Les prochaines élections municipales seront scrutées à la loupe près d’un an après la victoire présidentielle. Quelles villes de droite passeront à gauche ? Et quelles villes de gauche passeront à droite ? Les élections locales vont-elles conforter le pouvoir présidentiel ou le fragiliser ? Les élections seront-elles pacifiées, locales ou en phase avec les débats de la nation ? Il est difficile de s’avancer ! Mais, plutôt que de radiographier politiquement la France locale, ce dossier a pour ambition de réfléchir aux liens qui se font et se défont entre le local, le national et le global et à s’interroger sur la faiblesse de nos politiques urbaines.

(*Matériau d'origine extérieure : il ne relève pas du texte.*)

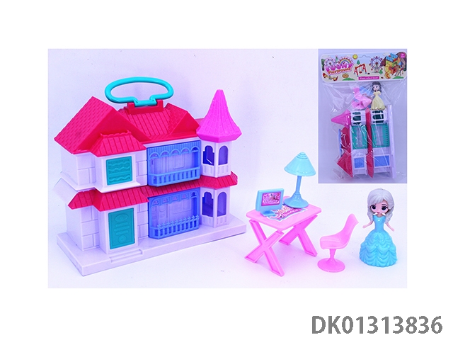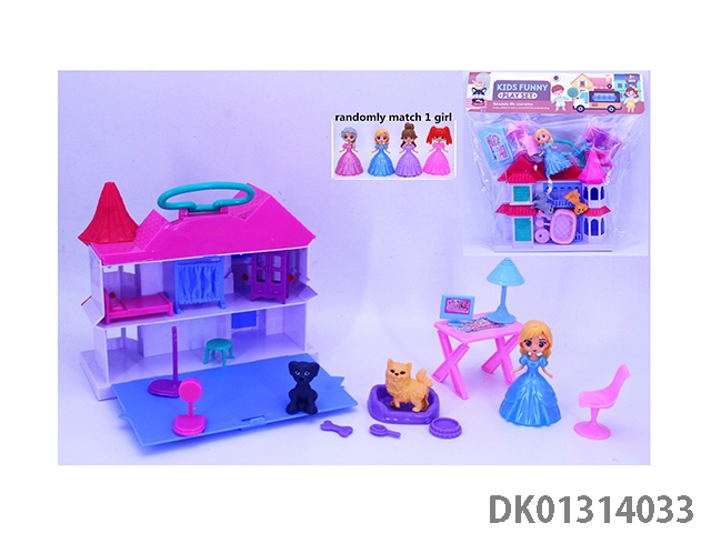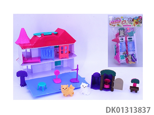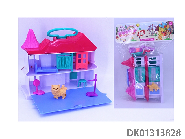 女孩手提翻盖别墅套装(猫狗电脑桌家具)
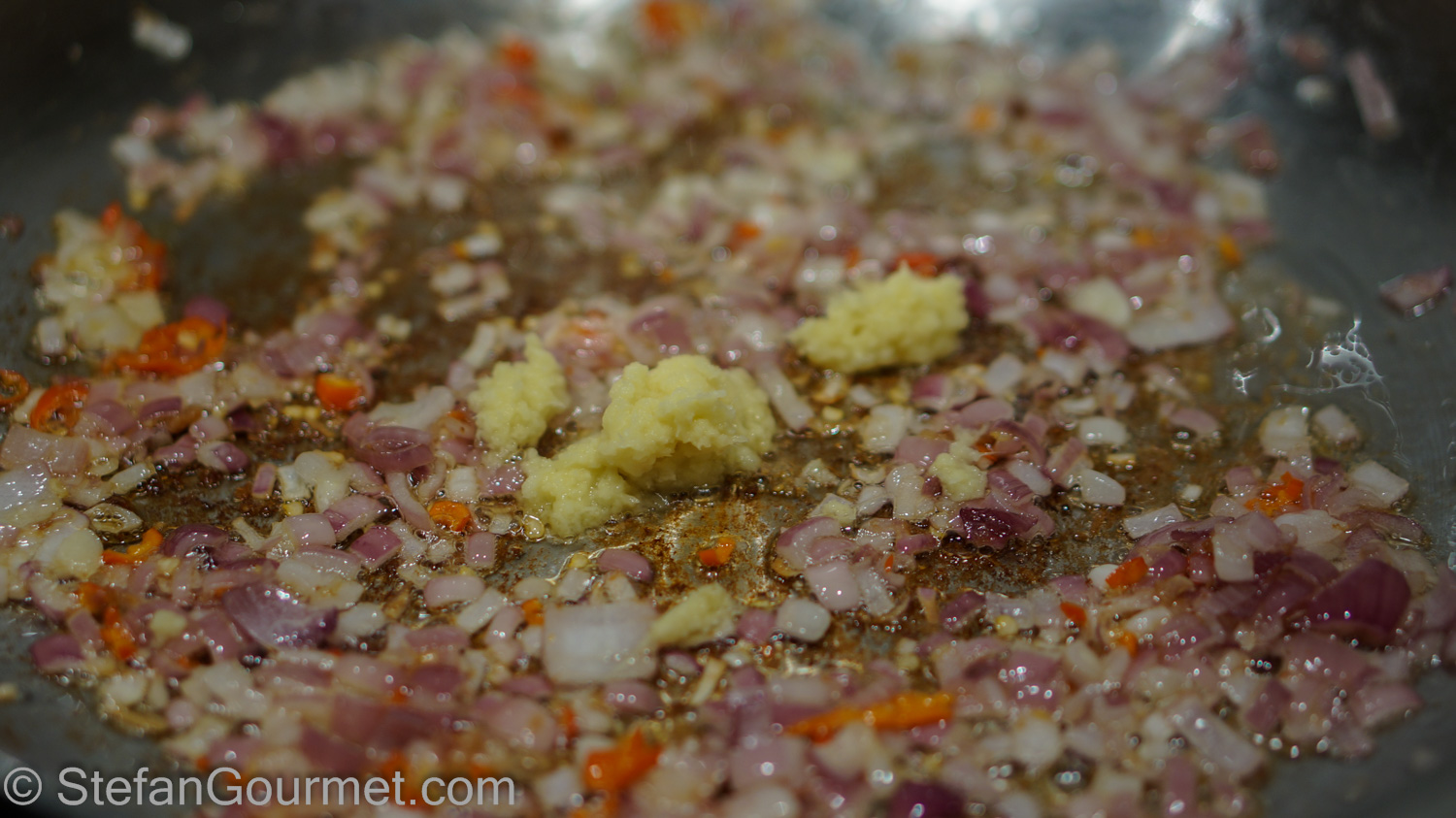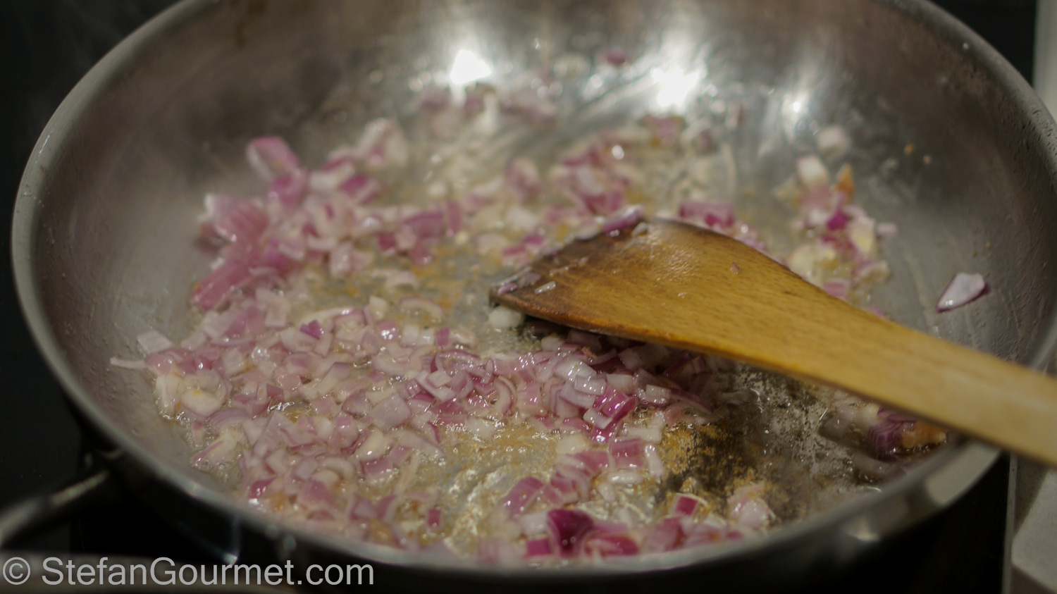 In the same frying pan add the shallots and sauté for about 5 minutes or until soft and fragrant. Do not allow the shallots to brown.

Le local, le national et le global

Plusieurs textes analysent l’étape actuelle de la décentralisation qui a conforté et développé le pouvoir local. Si la décentralisation initiée par la gauche et Gaston Defferre dans les années 1980 a remis en cause l’image d’une opposition économique entre Paris et le désert français, ses vertus sont aujourd’hui plus discutables. On se contente, en effet, trop souvent de saluer le développement local, la naissance de communautés urbaines, le rééquilibrage régional et la réduction des inégalités territoriales à l’échelle nationale. Voilà que le local, perçu dans le prisme de la ville moyenne européenne par exemple, s’impose comme un modèle. On cède alors à un optimisme localiste pour des raisons fort diverses : le poids de la commune reste très fort en France (on en compte 36 000) et le pouvoir du maire qui attribue les permis de construire a été renforcé, les grandes agglomérations (Nantes, Rennes, Lyon…) misant sur une politique urbaine cohérente ne sont pas si nombreuses, l’intérêt local l’emporte souvent sur l’intérêt national, et le rééquilibrage territorial français repose avant tout sur des mécanismes de redistribution dont l’avenir est fragile, comme vient de le montrer Laurent Davezies dans la République et ses territoires1. Bref, le développement du local se heurte à une double difficulté : à la pression des flux externes liés à la mondialisation économique d’une part, et à l’affaiblissement de l’État redistributeur d’autre part alors même que la mobilité résidentielle est faible dans l’Hexagone. Le local, même renforcé par la décentralisation, dépend toujours beaucoup de l’État, dont il cherche à capter les ressources. Il n’est pas non plus soustrait aux transformations globales en cours. Dans cette optique, Pierre Veltz, théoricien du développement local, revient sur ce paradigme pour souligner qu’il s’accorde difficilement au « nouveau monde industriel » qui est déjà le nôtre.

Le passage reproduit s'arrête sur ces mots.